Rather than drip feed people the interview we linked the threaded tweet in the initial tweet and pinged anyone who commented on the first video. This is a better way to handle it.
No jump cuts, but still not too bad either.
Social media case study #2: Posting to Facebook from Instagram
So, I am not sure if you have heard but business pages are getting destroyed by the Facebook algorithm. As you know I have put on a brave face. My tears are all inside while the outside is all cucumbery. I have a tried a few different things over time. You know, what everyone says to do: post quotes, post videos. It works for these big brands with money burning a hole in their budgets.
Usually, we have fewer options, but as I mentioned above you just need to interview celebrities and people will follow you like I do bacon. If you are not able to interview celebrities, there might be a few other ways to skirt the rules.
I like playing with Instagram because it is so hot right now. Even with the limitation on the data released, it is clear that Insta is a pretty tasty platform for the hungry marketer. In the mad rush to post on multiple platforms while still looking calm I made a boo-boo. I managed to duplicate content a few times but this caused fewer problems than you would think. In fact, I got a little reward when the cross-posted content got much better reach on Facebook than an image posted natively.
First a little context for you. Our most recent Hackathon saw us make a Create a Wapuu app. Wapuu is kind of a big deal in the WordPress community. As part of the MVP and presentation, the team made a Wapuu. We grabbed an image of the little guy for Facebook and Instagram. I first shared it to Facebook and got the expected response.
Move along there’s nothing to see here. Wow. Flaming wreckage.
The two loves were from the wider company family. I wish I was joking. This shouldn’t have happened like this. This should have been a moment of glory. The WordCamp mascot is much loved. And, I mean much loved. This mashup should have made the people laugh. They never even had a chance.
Finally, I noticed that Wapuu went back to Facebook; just five days after his initial outing, but I left it to see what would happen. I was curious since I had a post reach four people last week when the Messenger button was auto-selected.
It turns out that Wapuu did quite well, thank you very much, and suffered no ill-effects from the duplicate post in such a short time.
Wapuu got a nice organic reach boost of 39% and some more reactions. It makes sense that the Instagram numbers would feed into the algorithm, but I was surprised given the proximity of the posts.
I also ran a similar experiment with link posts. Obviously, the link is unclickable in Instagram, but when it carries over to Facebook the link is clickable.
I am a reasonable guy, but that image is awful when it makes it to Instagram. However, it was popular enough.

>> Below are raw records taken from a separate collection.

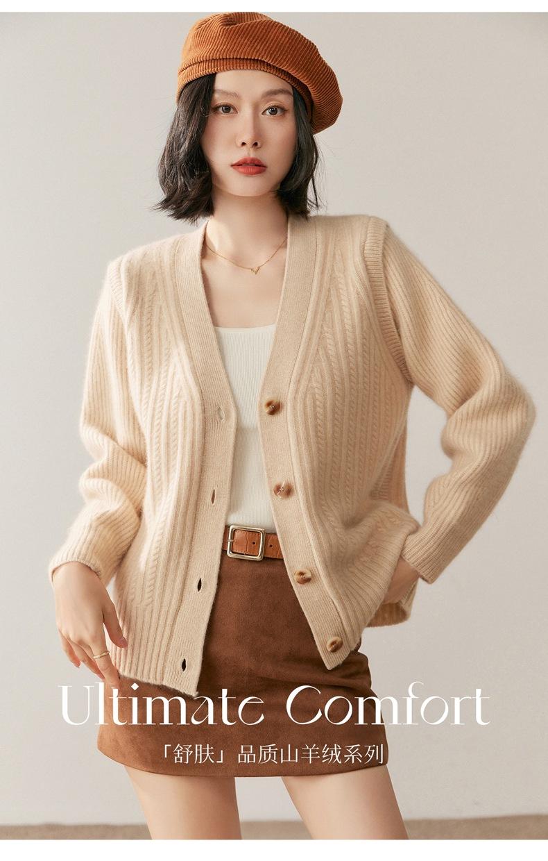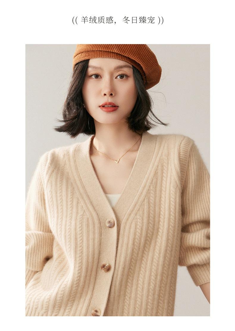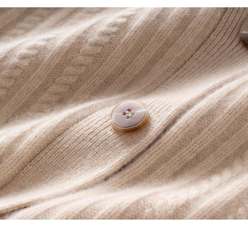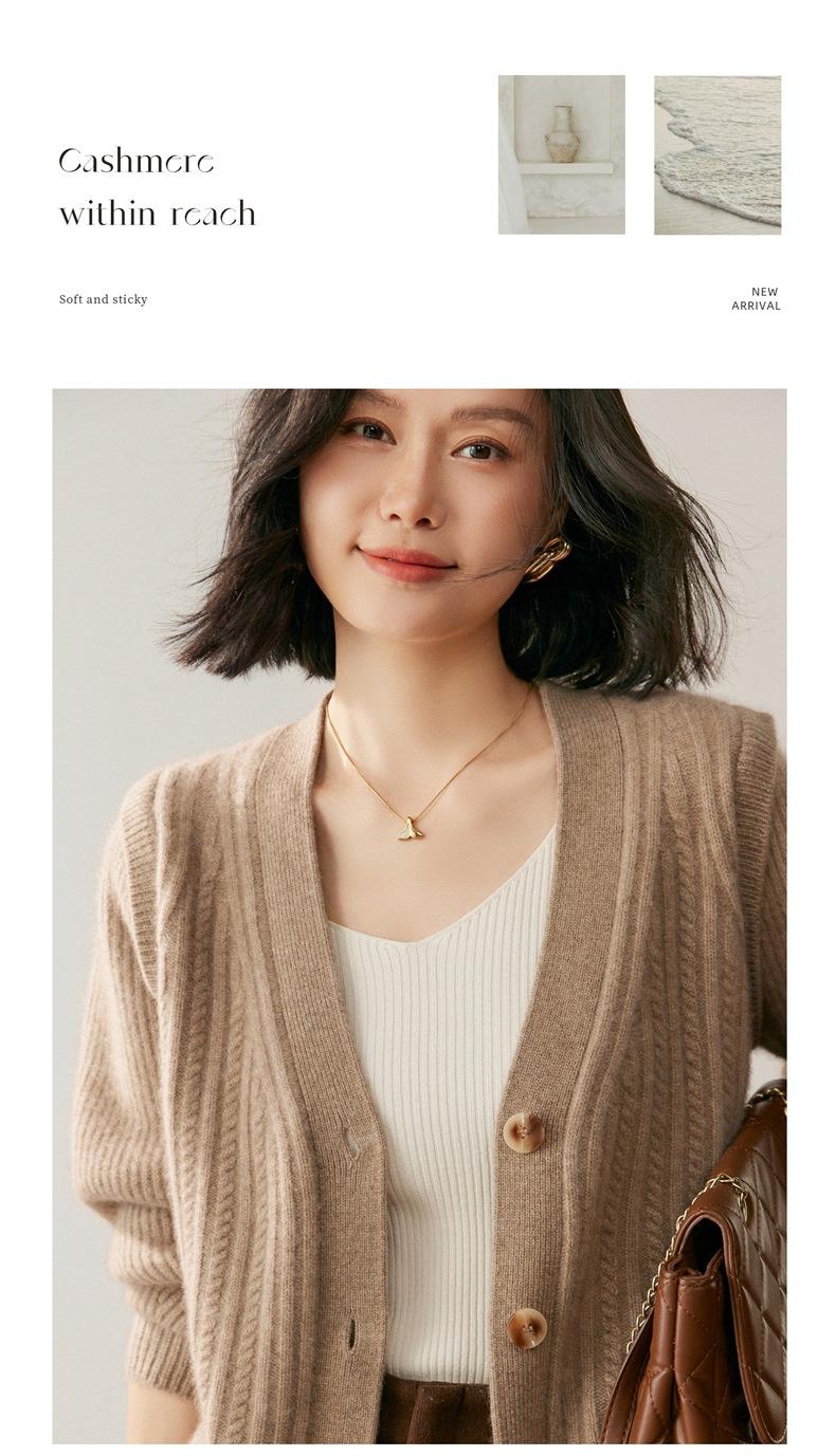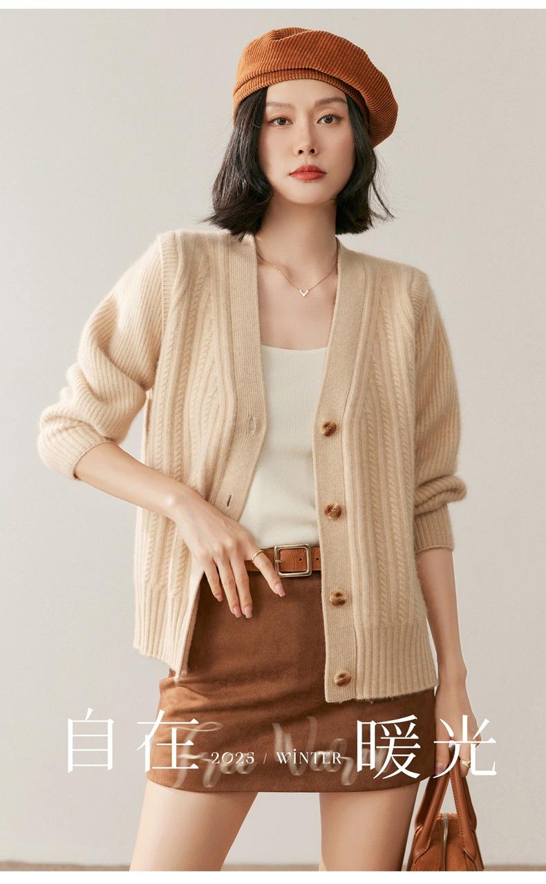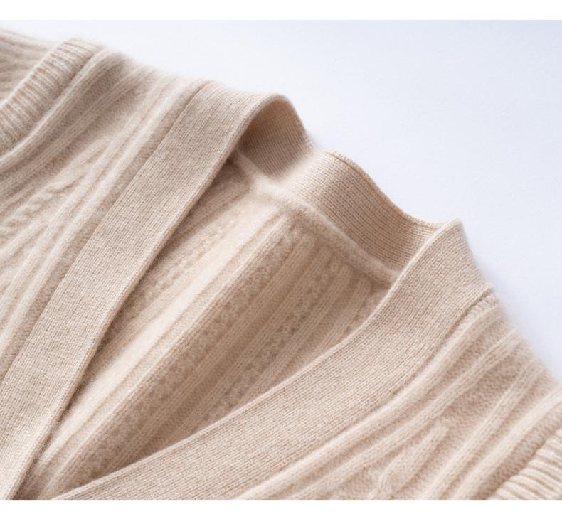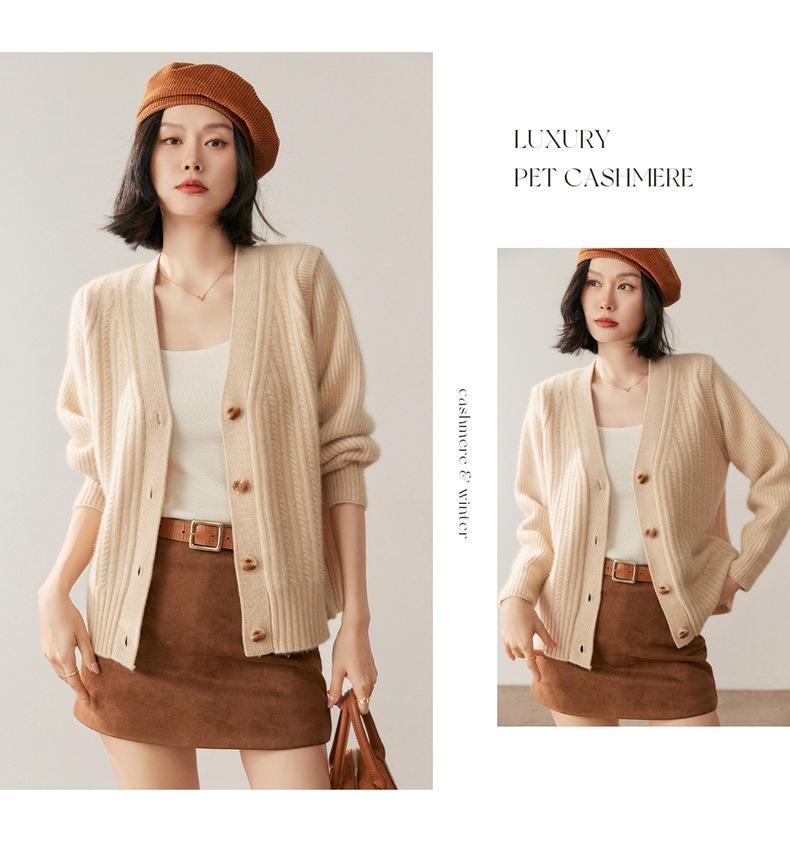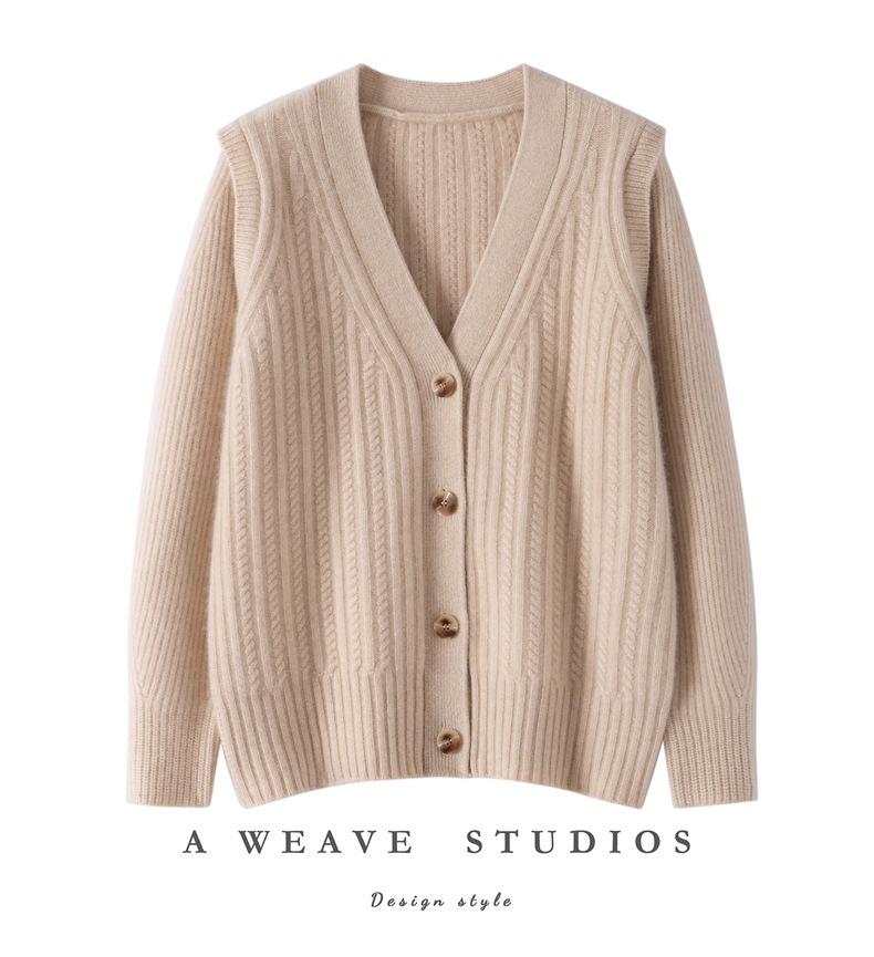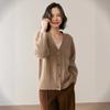 Cárdigan de Cachemira para Mujer Otoño/Invierno 2025 Nuevo Cuello en V Tejido Suelto Adelgazante Abrigo Suéter Manga Larga Top Grueso
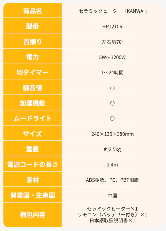 KANWAIは、暖房・扇風機・加湿器の3in1多機能セラミックヒーターです。暖房による乾燥の問題を軽減するために、革新的に加湿機能を追加します。実用を追求すると同時に環境にも配慮しています。レーダー人感センサーとECO知能恒温モードを搭載しているので、誰も使用していないときや、室温が設定温度より高くなったときに自動的に運転を停止し電気代を節約します。
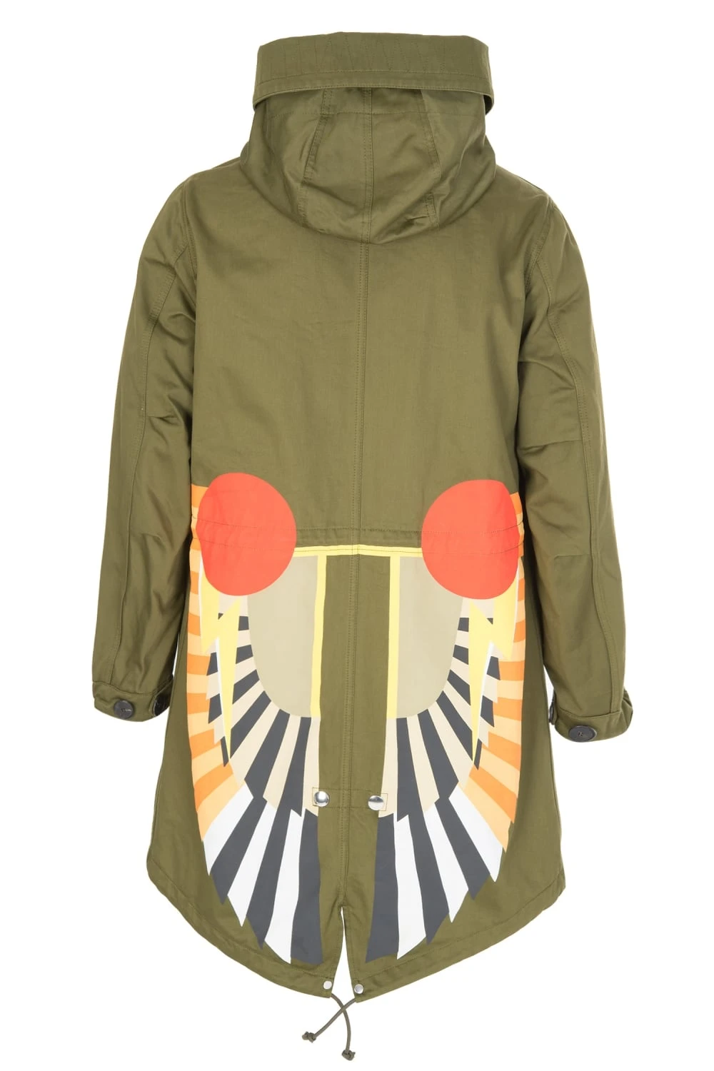 A classic hooded parka brought to you by Givenchy featuring a concealed zip fastening at the front and a colourful print across the lower back. Finished off with a drawstring waist and hem as well as two slant pockets located on the front. Add this parka to your coat collection for warmth, comfort and style. Perfect for everyday wear.
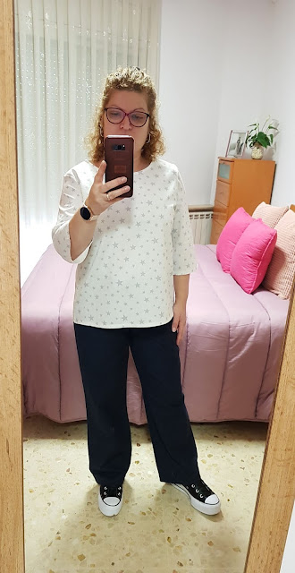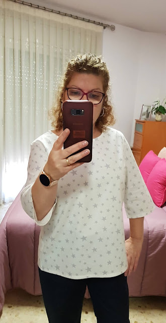 Hacía mucho tiempo que tenía ganas de tener una blusa o camisa con estampado de estrellas , no se porque pero me hacía gracia , hasta que por fin he encontrado el tejido ideal y co las estrellas que me gustan .
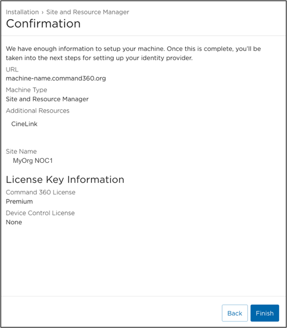 A Confirmation page appears providing the Machine URL, Machine type, Resources, Site Name, and License Key information.
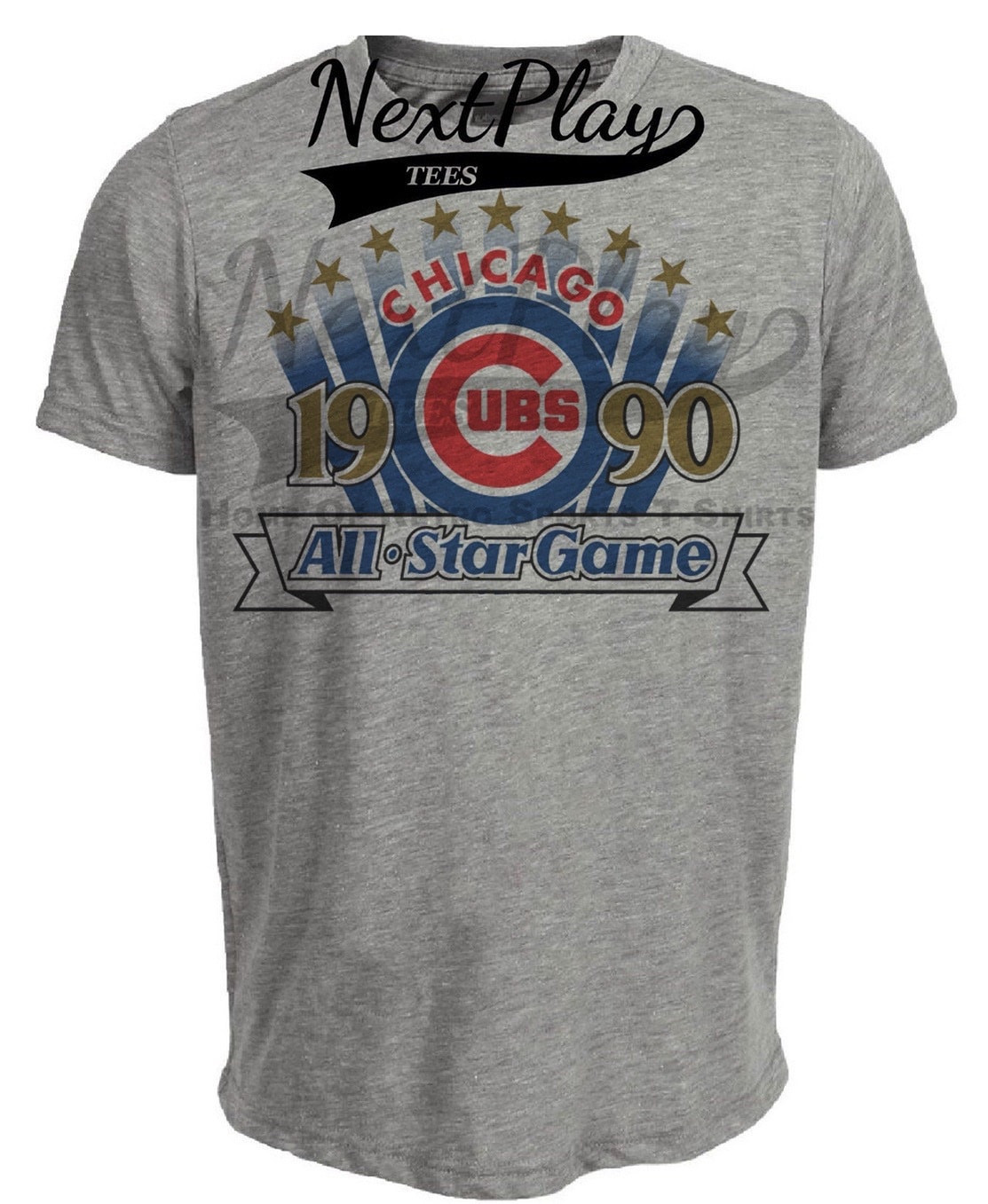 Chicago Cubs Retro All Star Game Baseball 1990 Artwork Heather Gray Sublimated T-Shirt
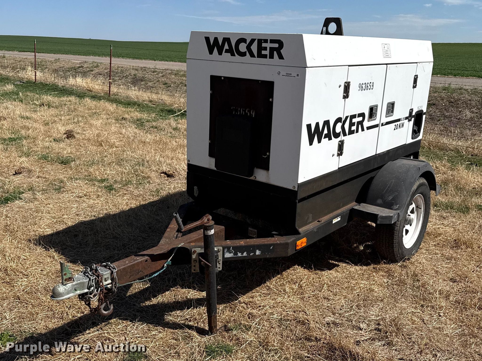Purple Wave is selling a used Generator Set in Oklahoma. This item is a Wacker G25 generator with the following: Hours: 14,386 on meter
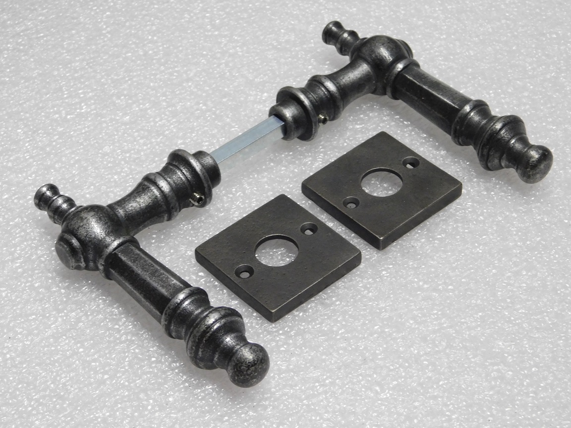 Lot de poignées 'Victoria' et de rosaces carrées - fonte zinguée
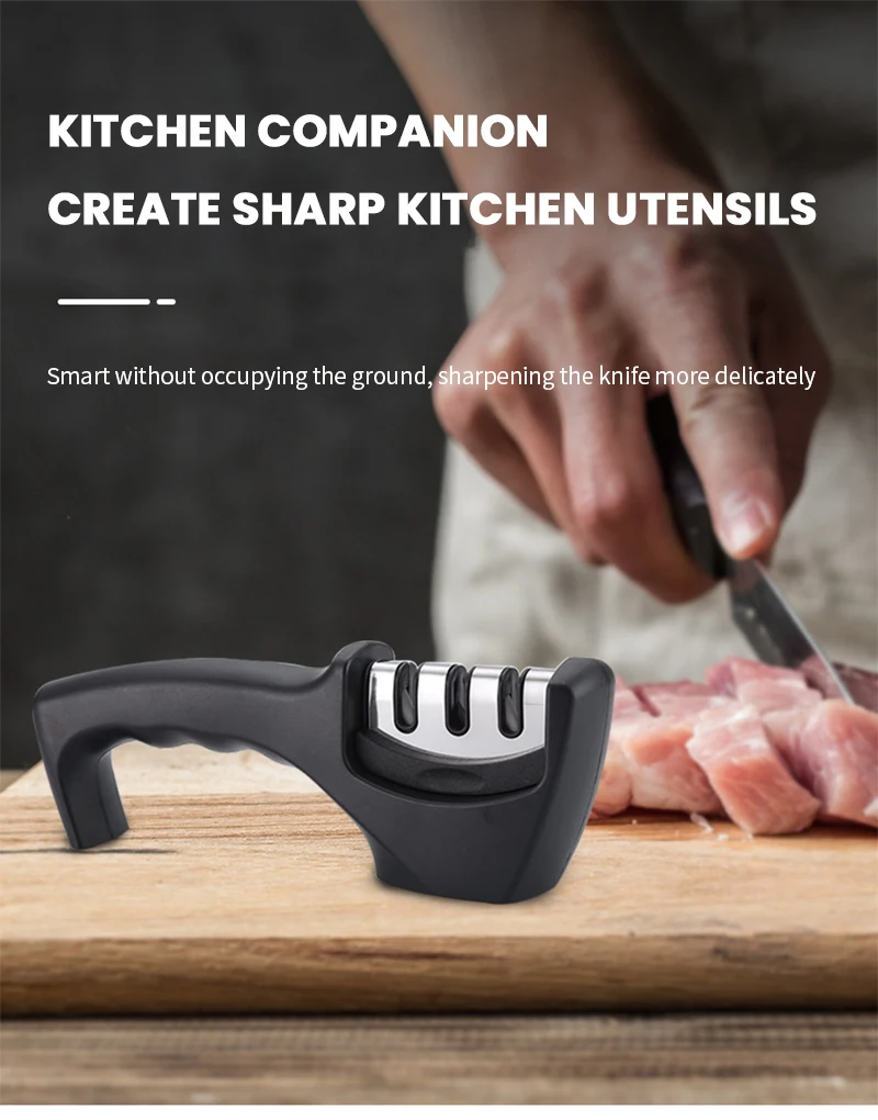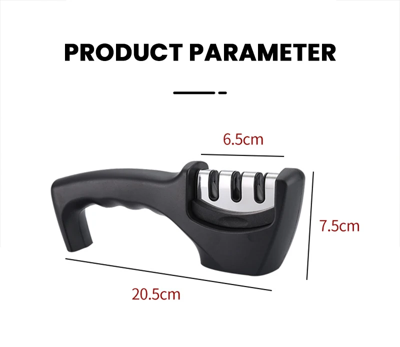 Эта точилка подходит для всех видов ножей. Держите нож острым и готовым к использованию. Это очень удобно в использовании, девушки могут легко контролировать его, и это безопасно и долговечно.

Social media case study #3: New tools, same problems
I wanted to find some ways to make my life a little easier, and since my wife really loves the dog, I had a look at social media tools. Is this a case study? Not quite, but I have been meaning to try a different batch of tools for some time and now I have an excuse.
The best option for Facebook is to dig in and set it manually then tweak with the debugger.
The posting options to queue, schedule, evergreen queue are nice. I can see why some of these tools are getting so much traction but Content Studio lacks decent insights at this stage. There’s not much data for digging when compared to a tool like Keyhole and I got a few errors when I tried to compare pages.
I threw a trio of images at Lisa and she picked one without me in it. Clearly, the AI is broken. I also found the hashtags to be…questionable at best. If you look closely you’ll notice #asklisa is in there twice. That’s a little presumptious Lisa.
Conclusion
I will also devote some time to Pinterest now that we have completed the setup there.